US Attorney Carmen Ortiz could end up with big legal bill from motel case - i4i
http://www.bizjournals.com/boston/blog/bottom_line/2013/02/feds-legal-bill-in-caswell-case.html?page=all

======
hexonexxon
Same psycho freedom stealing prosecutor also had to grovel to the courts a few
days ago that her office arrested the wrong guy in a high profile gang case
because he kind of looked like who they were after.

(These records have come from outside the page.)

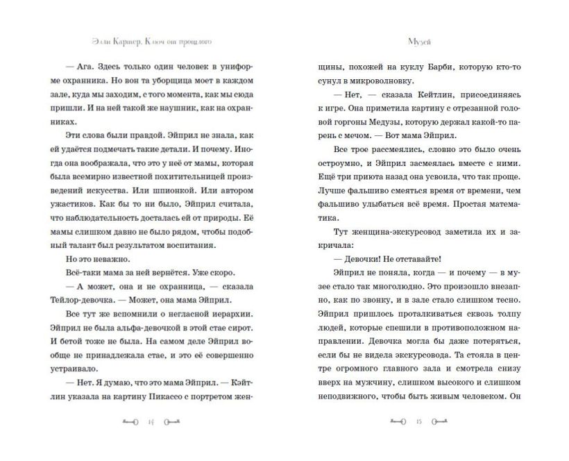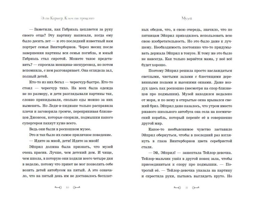 Приключения, загадочные поместья, пропавшие наследники богатых семей, таинственные ключи... Всё это ждёт вас на страницах серии «Тайна дома Винтерборнов». Приготовьтесь к по-настоящему увлекательному чтению. Яркая обложка сразу погружает в атмосферу этой истории, где детям предстоит разгадывать тайны, которые оказываются не по зубам взрослым. Потрясающий язык, тонкий юмор, живые герои, сюжет, который покоряет с первой страницы и не отпускает до последней, неожиданные повороты — всё это делает «Ключ от прошлого» идеальной книгой для юных (и не только) любителей приключений! Элли Картер — известный американский автор бестселлеров. Её книги издаются в двадцати странах мира, и их суммарный тираж составил более трёх миллионов. Она точно знает, как увлечь читателя!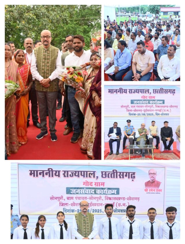 रायपुर / राज्यपाल रमेन डेका ने अपने खैरागढ़ प्रवास के दौरान अपने गोद लिए हुए ग्राम सोनपूरी का भ्रमण किया और जनसंवाद कार्यक्रम में शामिल होकर ग्रामीणों से सीधा संवाद किया। उन्होंने कहा कि शासन की योजनाओं का वास्तविक उद्देश्य तभी पूरा होगा जब इनका लाभ अंतिम पंक्ति के हितग्राही तक पहुंचे। ग्राम सोनपूरी को मॉडल ग्राम के रूप में विकसित करने के लिए उन्होंने सभी विभागों को समन्वित प्रयास करने के निर्देश दिए।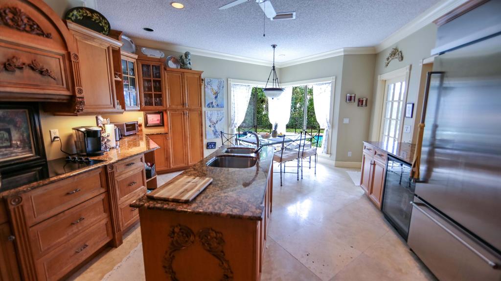 This captivating single family home is located in Spanish River Land with 4 bedrooms, 3.5 bathrooms and a large 3 car garage. The property is a 2 story tropical paradise and is just one lot from the intracoastal, walking distance to the beach, shops and restaurants! This property features 4,492 square feet under air, soaring 19 foot ceilings in the living room with fireplace and wet bar. The beautiful dining room has expansive 10 foot ceilings. Enjoy the travertine marble throughout the ground floor. This lovely kitchen is appointed with granite countertops, new stainless-steel appliances, including a double oven, Sub-Zero refrigerator and wine refrigerator. The beautiful master suite opens up to the balcony that gives a view over the pool area.

Innocent guy enjoyed
almost a month in prison and legal bills

[http://reason.com/24-7/2013/01/30/carmen-ortiz-blew-a-
gang-a...](http://reason.com/24-7/2013/01/30/carmen-ortiz-blew-a-gang-arrest-
by-nabbi)

------
AJ007
I thought that case sounded familiar, the WSJ had a very good article back in
2011 on it and asset forfeiture:
[http://online.wsj.com/article/SB1000142405297020445080457662...](http://online.wsj.com/article/SB10001424052970204450804576623404141904000.html)

This story is more than one about a rogue prosecutor, "the government is
overstepping its bounds in a practice that has swelled in the past decade to
encompass some 400 federal statutes, covering crimes from drug trafficking to
racketeering to halibut poaching."

If you don't read the article, take a look at this infographic:
[http://si.wsj.net/public/resources/images/P1-BD015_FORFEI_G_...](http://si.wsj.net/public/resources/images/P1-BD015_FORFEI_G_20111017183008.jpg)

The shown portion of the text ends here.